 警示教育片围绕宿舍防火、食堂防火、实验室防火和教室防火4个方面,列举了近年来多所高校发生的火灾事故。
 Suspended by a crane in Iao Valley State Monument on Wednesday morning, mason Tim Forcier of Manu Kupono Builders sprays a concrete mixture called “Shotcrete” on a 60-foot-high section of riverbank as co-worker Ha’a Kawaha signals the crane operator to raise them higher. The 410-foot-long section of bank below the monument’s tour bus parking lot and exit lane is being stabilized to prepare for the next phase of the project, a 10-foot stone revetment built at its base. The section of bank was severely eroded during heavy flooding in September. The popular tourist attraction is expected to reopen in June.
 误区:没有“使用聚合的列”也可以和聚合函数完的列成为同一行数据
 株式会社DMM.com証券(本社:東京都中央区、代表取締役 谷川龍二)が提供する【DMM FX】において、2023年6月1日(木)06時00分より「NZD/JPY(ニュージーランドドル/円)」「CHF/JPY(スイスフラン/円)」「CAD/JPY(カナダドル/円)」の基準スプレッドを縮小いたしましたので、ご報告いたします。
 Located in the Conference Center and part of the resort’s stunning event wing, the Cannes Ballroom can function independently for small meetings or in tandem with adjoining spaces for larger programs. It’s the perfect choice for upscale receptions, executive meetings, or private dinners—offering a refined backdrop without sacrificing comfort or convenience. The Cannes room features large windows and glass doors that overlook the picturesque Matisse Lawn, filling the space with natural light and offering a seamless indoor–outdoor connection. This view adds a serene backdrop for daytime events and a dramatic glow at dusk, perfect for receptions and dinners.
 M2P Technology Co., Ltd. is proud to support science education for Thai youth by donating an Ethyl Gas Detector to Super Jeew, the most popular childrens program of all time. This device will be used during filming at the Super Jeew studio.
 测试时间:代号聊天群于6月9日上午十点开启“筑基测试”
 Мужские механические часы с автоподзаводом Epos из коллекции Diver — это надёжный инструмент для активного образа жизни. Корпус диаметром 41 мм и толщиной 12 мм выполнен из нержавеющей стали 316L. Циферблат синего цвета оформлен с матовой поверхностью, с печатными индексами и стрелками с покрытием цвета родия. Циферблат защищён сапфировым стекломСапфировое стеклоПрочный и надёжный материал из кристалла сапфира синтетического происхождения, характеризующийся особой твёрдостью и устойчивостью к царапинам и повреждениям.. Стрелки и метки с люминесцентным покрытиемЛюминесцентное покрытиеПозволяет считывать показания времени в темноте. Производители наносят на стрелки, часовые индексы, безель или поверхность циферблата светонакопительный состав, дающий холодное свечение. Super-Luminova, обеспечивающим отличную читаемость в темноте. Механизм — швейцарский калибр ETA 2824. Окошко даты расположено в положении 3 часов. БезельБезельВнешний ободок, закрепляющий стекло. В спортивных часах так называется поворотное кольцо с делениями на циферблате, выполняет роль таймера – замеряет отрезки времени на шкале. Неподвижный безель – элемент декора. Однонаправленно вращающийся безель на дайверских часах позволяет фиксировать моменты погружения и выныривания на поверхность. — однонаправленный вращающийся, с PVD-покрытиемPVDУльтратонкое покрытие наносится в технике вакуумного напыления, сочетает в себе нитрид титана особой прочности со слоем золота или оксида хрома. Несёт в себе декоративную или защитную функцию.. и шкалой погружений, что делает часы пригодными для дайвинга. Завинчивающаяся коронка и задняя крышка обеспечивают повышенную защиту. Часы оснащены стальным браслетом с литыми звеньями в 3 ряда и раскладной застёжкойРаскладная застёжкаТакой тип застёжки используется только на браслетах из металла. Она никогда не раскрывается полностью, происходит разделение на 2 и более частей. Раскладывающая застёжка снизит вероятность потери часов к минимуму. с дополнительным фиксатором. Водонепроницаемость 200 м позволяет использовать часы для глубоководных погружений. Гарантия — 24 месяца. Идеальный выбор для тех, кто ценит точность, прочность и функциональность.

WHAT YOU NEED TO DO: Each line above must be printed exactly as it appears.

REPLY TO THE TASK:
 警示教育片围绕宿舍防火、食堂防火、实验室防火和教室防火4个方面,列举了近年来多所高校发生的火灾事故。
 Suspended by a crane in Iao Valley State Monument on Wednesday morning, mason Tim Forcier of Manu Kupono Builders sprays a concrete mixture called “Shotcrete” on a 60-foot-high section of riverbank as co-worker Ha’a Kawaha signals the crane operator to raise them higher. The 410-foot-long section of bank below the monument’s tour bus parking lot and exit lane is being stabilized to prepare for the next phase of the project, a 10-foot stone revetment built at its base. The section of bank was severely eroded during heavy flooding in September. The popular tourist attraction is expected to reopen in June.
 误区:没有“使用聚合的列”也可以和聚合函数完的列成为同一行数据
 株式会社DMM.com証券(本社:東京都中央区、代表取締役 谷川龍二)が提供する【DMM FX】において、2023年6月1日(木)06時00分より「NZD/JPY(ニュージーランドドル/円)」「CHF/JPY(スイスフラン/円)」「CAD/JPY(カナダドル/円)」の基準スプレッドを縮小いたしましたので、ご報告いたします。
 Located in the Conference Center and part of the resort’s stunning event wing, the Cannes Ballroom can function independently for small meetings or in tandem with adjoining spaces for larger programs. It’s the perfect choice for upscale receptions, executive meetings, or private dinners—offering a refined backdrop without sacrificing comfort or convenience. The Cannes room features large windows and glass doors that overlook the picturesque Matisse Lawn, filling the space with natural light and offering a seamless indoor–outdoor connection. This view adds a serene backdrop for daytime events and a dramatic glow at dusk, perfect for receptions and dinners.
 M2P Technology Co., Ltd. is proud to support science education for Thai youth by donating an Ethyl Gas Detector to Super Jeew, the most popular childrens program of all time. This device will be used during filming at the Super Jeew studio.
 测试时间:代号聊天群于6月9日上午十点开启“筑基测试”
 Мужские механические часы с автоподзаводом Epos из коллекции Diver — это надёжный инструмент для активного образа жизни. Корпус диаметром 41 мм и толщиной 12 мм выполнен из нержавеющей стали 316L. Циферблат синего цвета оформлен с матовой поверхностью, с печатными индексами и стрелками с покрытием цвета родия. Циферблат защищён сапфировым стекломСапфировое стеклоПрочный и надёжный материал из кристалла сапфира синтетического происхождения, характеризующийся особой твёрдостью и устойчивостью к царапинам и повреждениям.. Стрелки и метки с люминесцентным покрытиемЛюминесцентное покрытиеПозволяет считывать показания времени в темноте. Производители наносят на стрелки, часовые индексы, безель или поверхность циферблата светонакопительный состав, дающий холодное свечение. Super-Luminova, обеспечивающим отличную читаемость в темноте. Механизм — швейцарский калибр ETA 2824. Окошко даты расположено в положении 3 часов. БезельБезельВнешний ободок, закрепляющий стекло. В спортивных часах так называется поворотное кольцо с делениями на циферблате, выполняет роль таймера – замеряет отрезки времени на шкале. Неподвижный безель – элемент декора. Однонаправленно вращающийся безель на дайверских часах позволяет фиксировать моменты погружения и выныривания на поверхность. — однонаправленный вращающийся, с PVD-покрытиемPVDУльтратонкое покрытие наносится в технике вакуумного напыления, сочетает в себе нитрид титана особой прочности со слоем золота или оксида хрома. Несёт в себе декоративную или защитную функцию.. и шкалой погружений, что делает часы пригодными для дайвинга. Завинчивающаяся коронка и задняя крышка обеспечивают повышенную защиту. Часы оснащены стальным браслетом с литыми звеньями в 3 ряда и раскладной застёжкойРаскладная застёжкаТакой тип застёжки используется только на браслетах из металла. Она никогда не раскрывается полностью, происходит разделение на 2 и более частей. Раскладывающая застёжка снизит вероятность потери часов к минимуму. с дополнительным фиксатором. Водонепроницаемость 200 м позволяет использовать часы для глубоководных погружений. Гарантия — 24 месяца. Идеальный выбор для тех, кто ценит точность, прочность и функциональность.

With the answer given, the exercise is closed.